La Cour suprême des Pays-Bas l’a confirmé : l’État batave est dans l’obligation légale de réduire ses émissions de gaz à effet de serre d’au moins 25 % par rapport à 1990 d’ici à la fin de l’année 2020. Ce jugement rendu le 20 décembre vient clore une affaire en cours depuis juin 2015, quand l’ONG Urgenda, soutenue par 886 citoyens néerlandais, avait obtenu un premier jugement favorable.

–25 % d’émissions de GES

L’ONG considérait que les efforts et les objectifs climatiques de l’État étaient insuffisants et réclamait que l’État mette tout en œuvre pour atteindre une réduction des émissions d’au moins 25 % en 2020, par rapport aux niveaux de 1990.

Le jugement de première instance lui avait donné raison en 2015. La cour d’appel a confirmé cette décision en octobre 2018. Le 20 décembre, c’est la Cour suprême qui a rejeté le pourvoi en cassation de l’État néerlandais.

Droits de l’homme

La Cour s’est appuyée, pour rendre son jugement, sur la convention des Nations unies sur le climat et la convention européenne des droits de l’Homme (signée par 47 États, dont l’ensemble des États européens).

D’un côté, les juges ont souligné le consensus scientifique sur la nécessité, pour les pays développés, de réduire leurs émissions d’au moins 25 % d’ici à la fin de 2020, afin de contenir le réchauffement climatique à un niveau soutenable.

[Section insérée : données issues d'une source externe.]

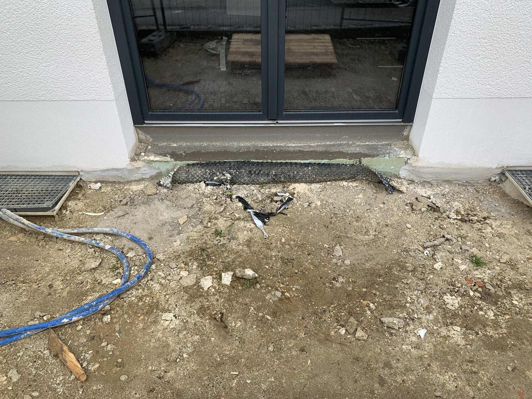 Die fertige Geländeoberkante ist die Unterkante der bodentiefen Fenster. Also bis dahin werden wir die Terrasse anlegen und auch einen Spritzschutz um einige Bereiche des Hauses anlegen.
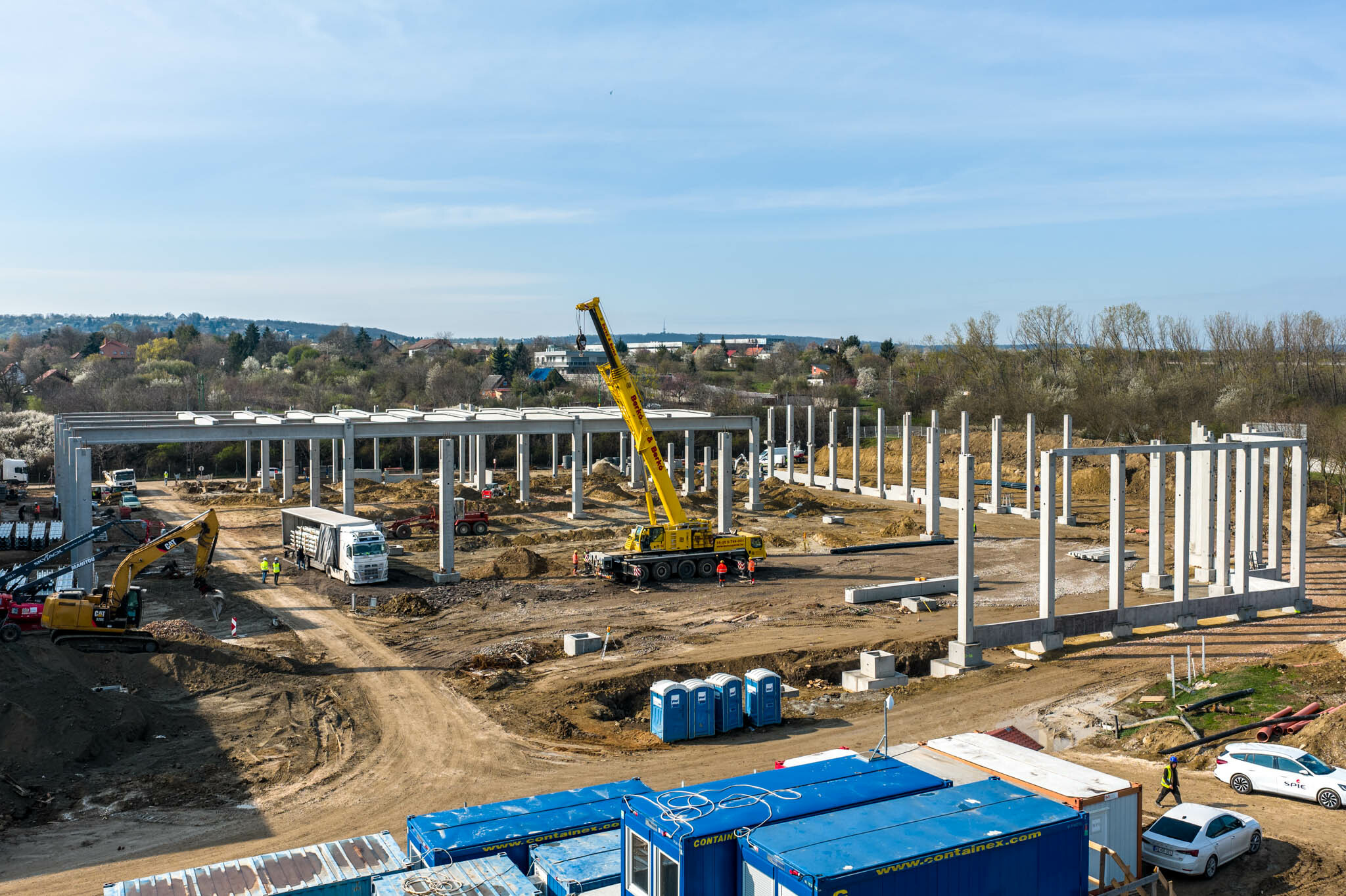 Az új csarnok kivitelezése az alapozási munkákkal indult, amelyek mára már jelentős részben lezárultak. „Elkészült az alapozás, a talajszondák kialakítása, és párhuzamosan zajlottak a földmunkák, valamint a csatornaépítés is” – mondta Horváth Ferenc. Hozzátette, jelenleg már az előregyártott szerkezeti elemek beemelése is folyamatban van, így az épület kezd „kinőni a földből”.
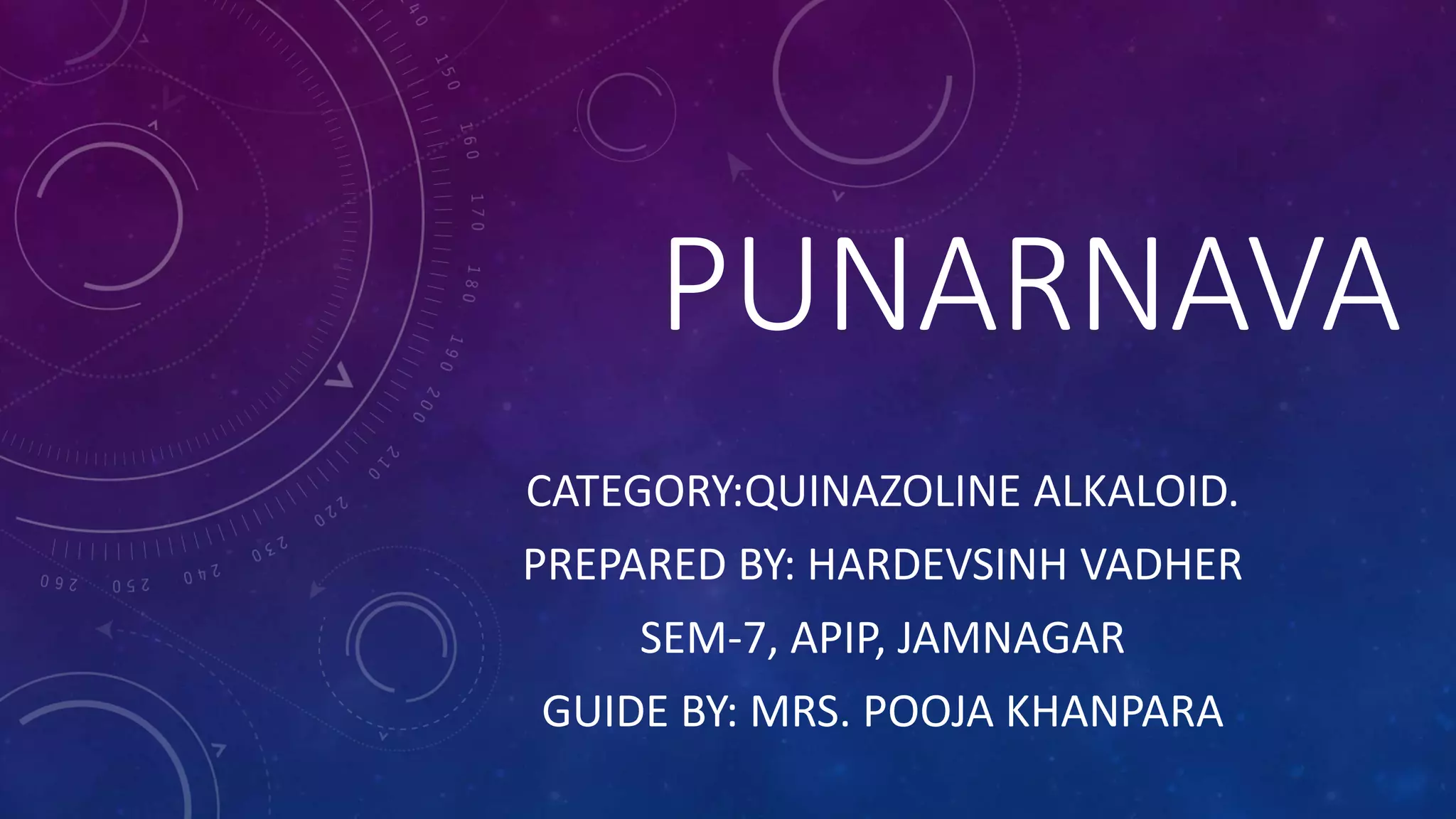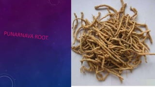 Punarnova is a plant with bitter leaves that are green on the upper surface and white on the lower. It has pink flowers and produces small, one-sided fruits. The plant contains chemicals like punarnavin, B-sitosterol, and ursolic acid. It is used to treat conditions like edema, inflammation, and as a liver tonic. Some formulations containing punarnova include Ashoka nari, Punarnava Tablet, Aksir afza, and punarnavarishta.
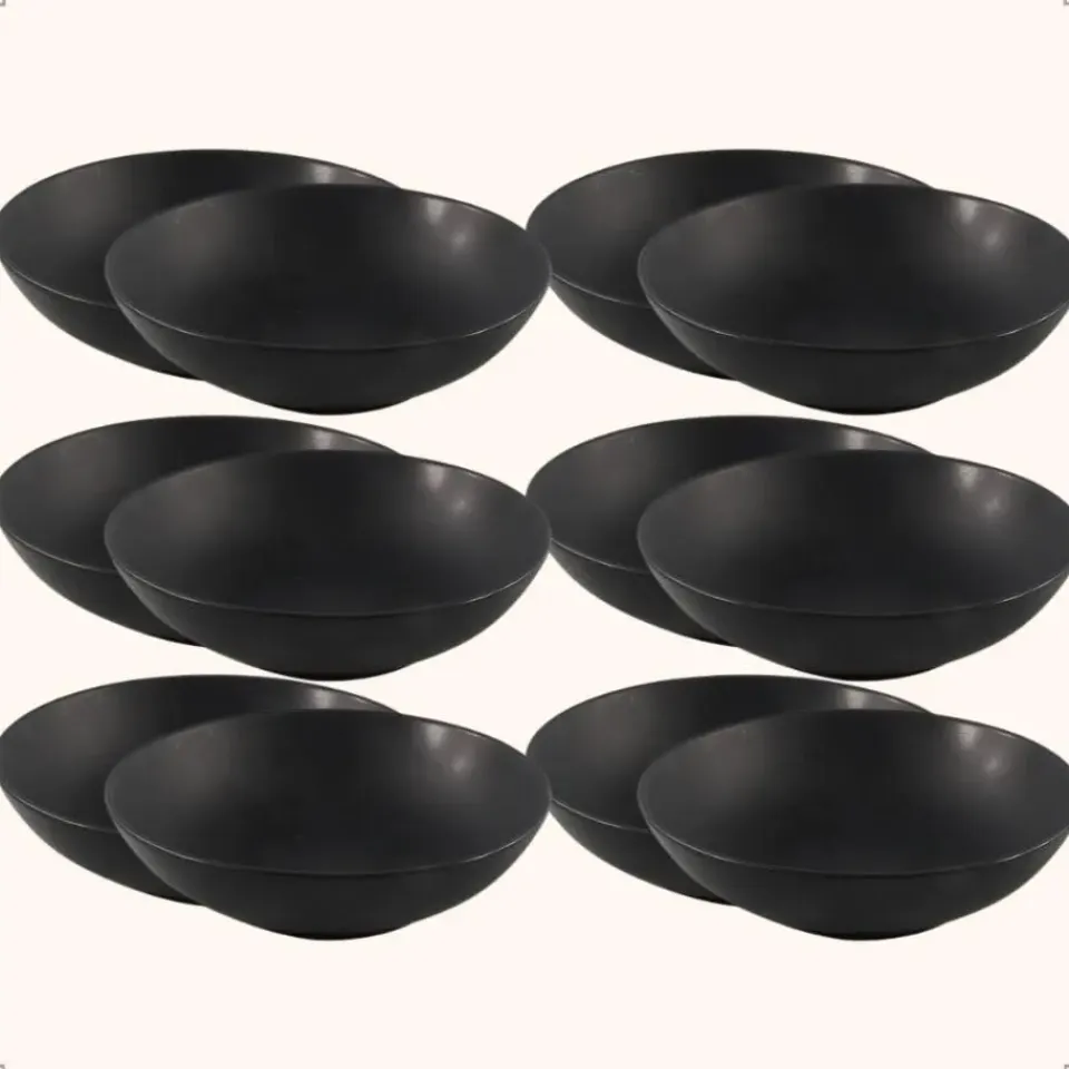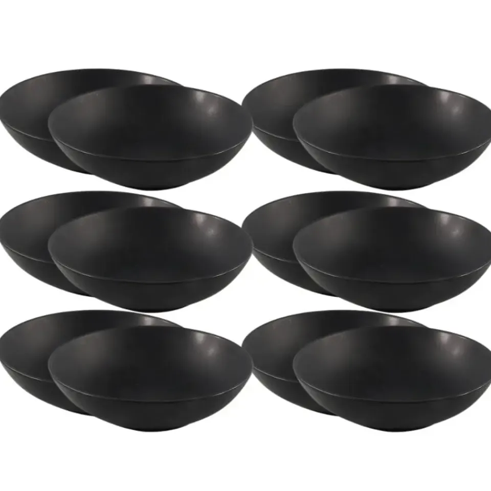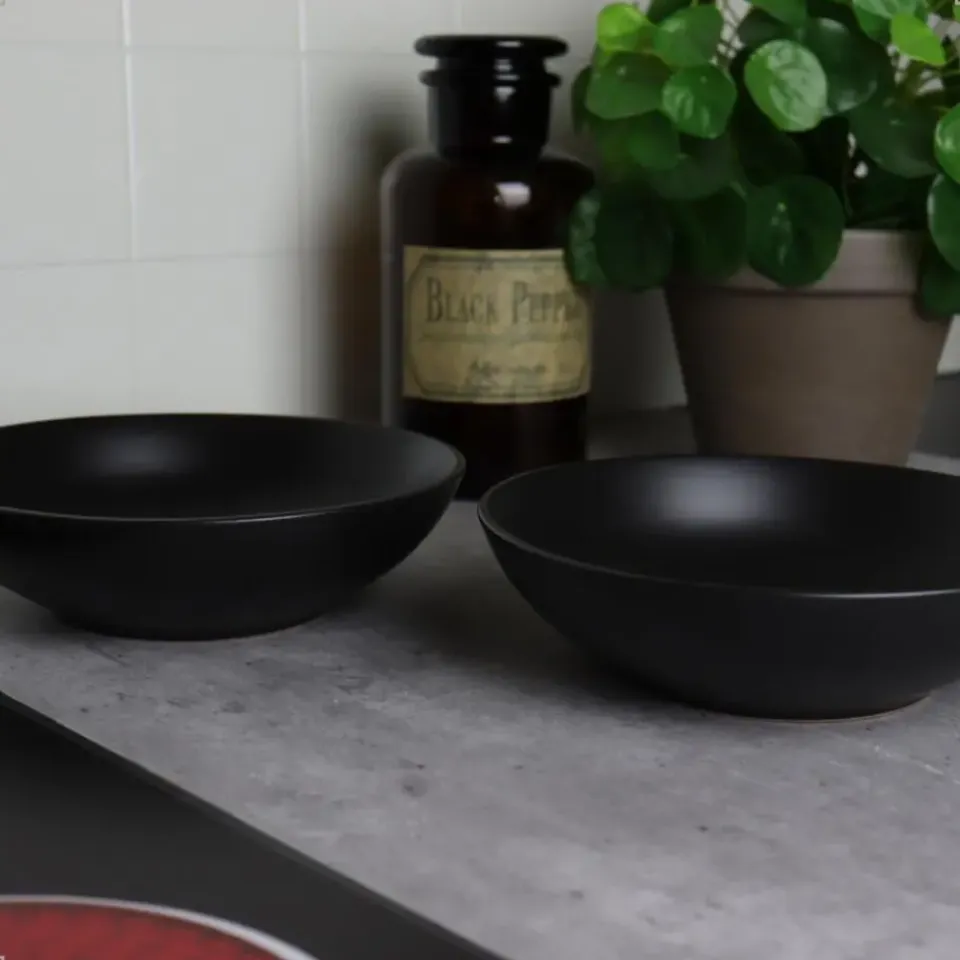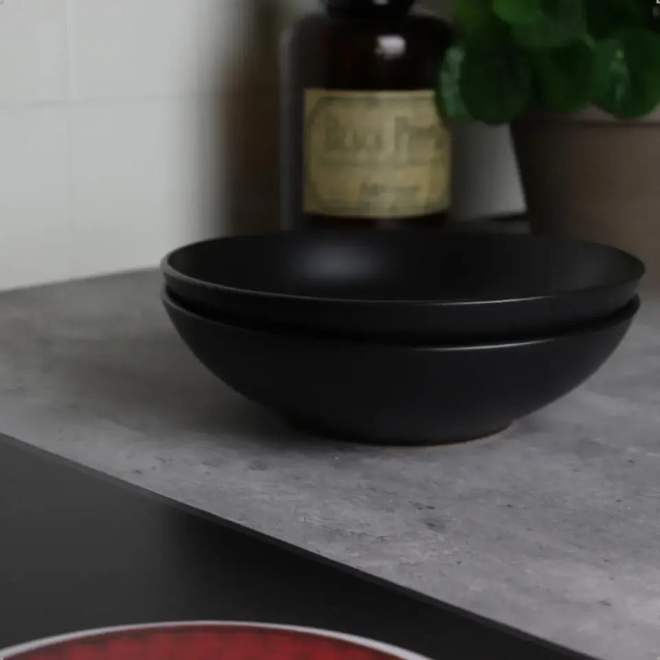 Deze OTIX borden set bestaat uit 12 diepe borden. De diepe borden zijn mat zwart en gemaakt van aardewerk. De diameter van de borden is 20,5 centimeter. De borden zijn diep en geschikt voor pastagerechten of soep.
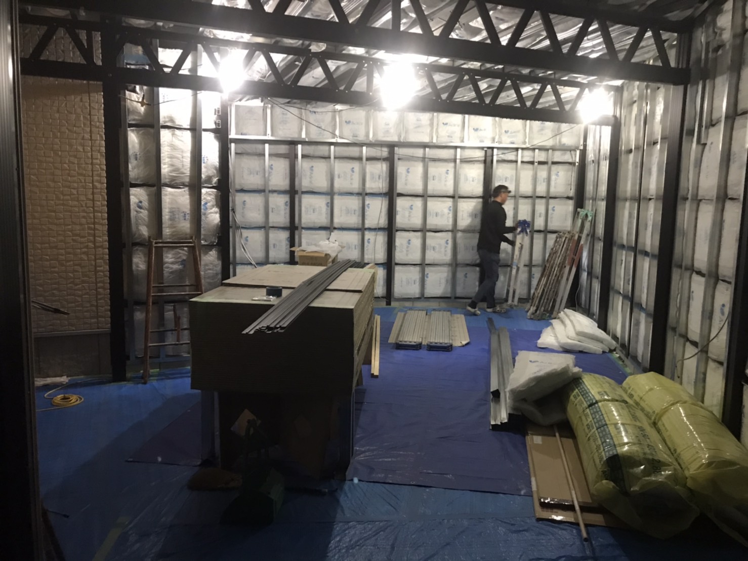 ↑ 先ずは内部の軽量工事です。中の居住性を高める為に、
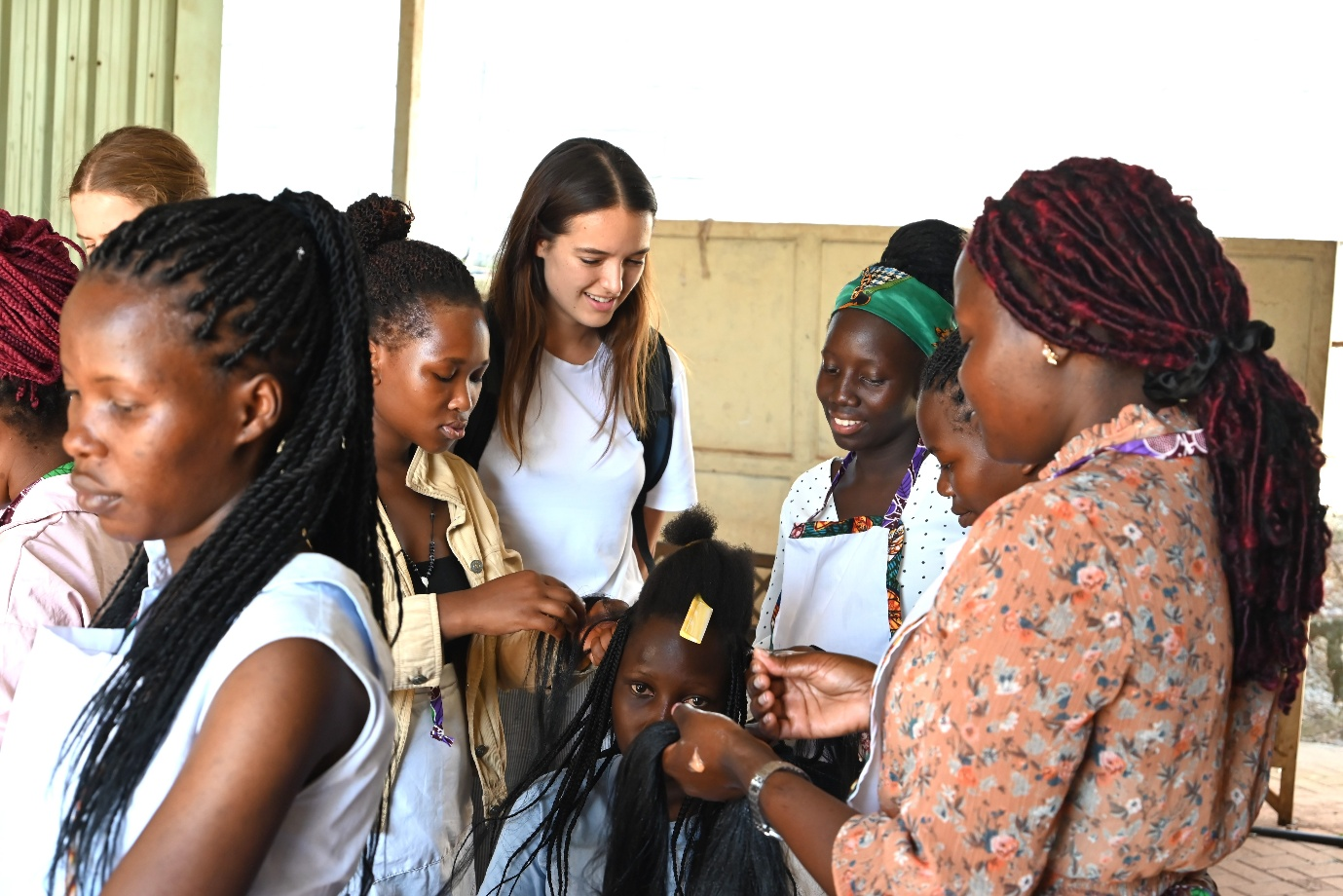 Birungi (extreme right) supports her peers during a learning visit with the Emmaus University- Netherlands Students

De l’autre, ils ont rappelé l’obligation qu’a l’État de protéger la vie et le bien-être de ses ressortissants, qui risquent d’être gravement impactés par le changement climatique.

Un précédent pour la justice climatique

Enfin, l’immobilisme global en termes d’action climatique n’exonère pas chaque État de son obligation d’agir sur son propre territoire, selon les juges.

Cette décision a donné de l’espoir aux associations et aux citoyens ayant intenté contre les États, aux quatre coins du monde, des centaines de procès au nom de la justice climatique. En France, plusieurs associations ont notamment initié « l’affaire du siècle », il y a un peu plus d’un an. Le contentieux en est encore à sa phase d’instruction.